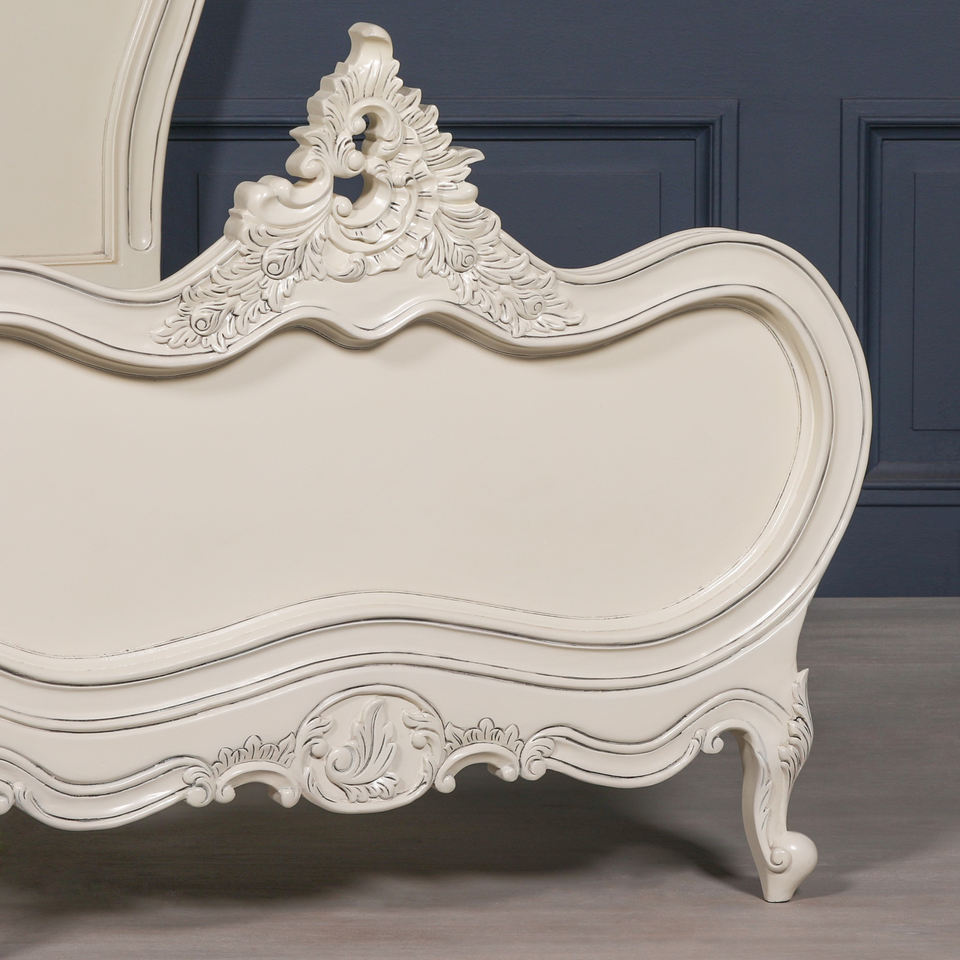 เตียงเดี่ยวสำหรับเด็กแบบคลาสสิก ทำจากโครงไม้มะฮอกกานีเนื้อแข็ง พร้อมลายแกะสลักไม้และเคลือบสีขาว
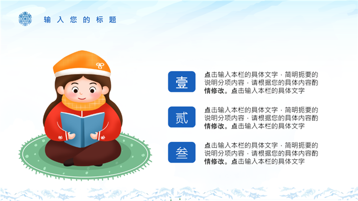PPT简介: 我的寒假生活读书安排计划ppt模板,蓝色为主色调,整体界面卡通风格,适用于我的寒假生活、寒假生活、快乐寒假、寒假时光、寒假计划、寒假收获、精彩寒假等相关主题设计应用。主体文字及图片可替换修改,文字修改均可直接点击文本框进行编辑,图片更改可选中图片后单击鼠标右键插入更换图片,也可根据自身需求增加和删除。本作品提供PPTX格式文件,转载请注明出处!
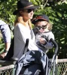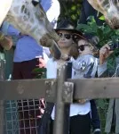 Nicole Richie and husband Joel Madden took their two children Harlow and Sparrow Madden to the zoo in Sydney, Australia today. The family appeared to be having a good time as they viewed the different animal exhibits. Richie and Sparrow even fed a giraffe with a very a long tongue.
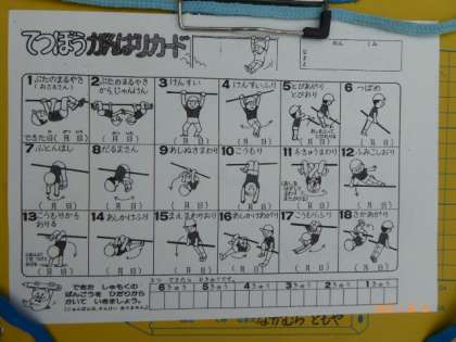 4年2組は体育で鉄棒をしています。「がんばりカード」にはとてもたくさんの技が描いてあります。

☆ ☆ ☆

# WORK REQUIRED
Write the material above out again exactly. Omit every image.

# RESPONSE TO THIS EXERCISE
 เตียงเดี่ยวสำหรับเด็กแบบคลาสสิก ทำจากโครงไม้มะฮอกกานีเนื้อแข็ง พร้อมลายแกะสลักไม้และเคลือบสีขาว
PPT简介: 我的寒假生活读书安排计划ppt模板,蓝色为主色调,整体界面卡通风格,适用于我的寒假生活、寒假生活、快乐寒假、寒假时光、寒假计划、寒假收获、精彩寒假等相关主题设计应用。主体文字及图片可替换修改,文字修改均可直接点击文本框进行编辑,图片更改可选中图片后单击鼠标右键插入更换图片,也可根据自身需求增加和删除。本作品提供PPTX格式文件,转载请注明出处!
 Nicole Richie and husband Joel Madden took their two children Harlow and Sparrow Madden to the zoo in Sydney, Australia today. The family appeared to be having a good time as they viewed the different animal exhibits. Richie and Sparrow even fed a giraffe with a very a long tongue.
 4年2組は体育で鉄棒をしています。「がんばりカード」にはとてもたくさんの技が描いてあります。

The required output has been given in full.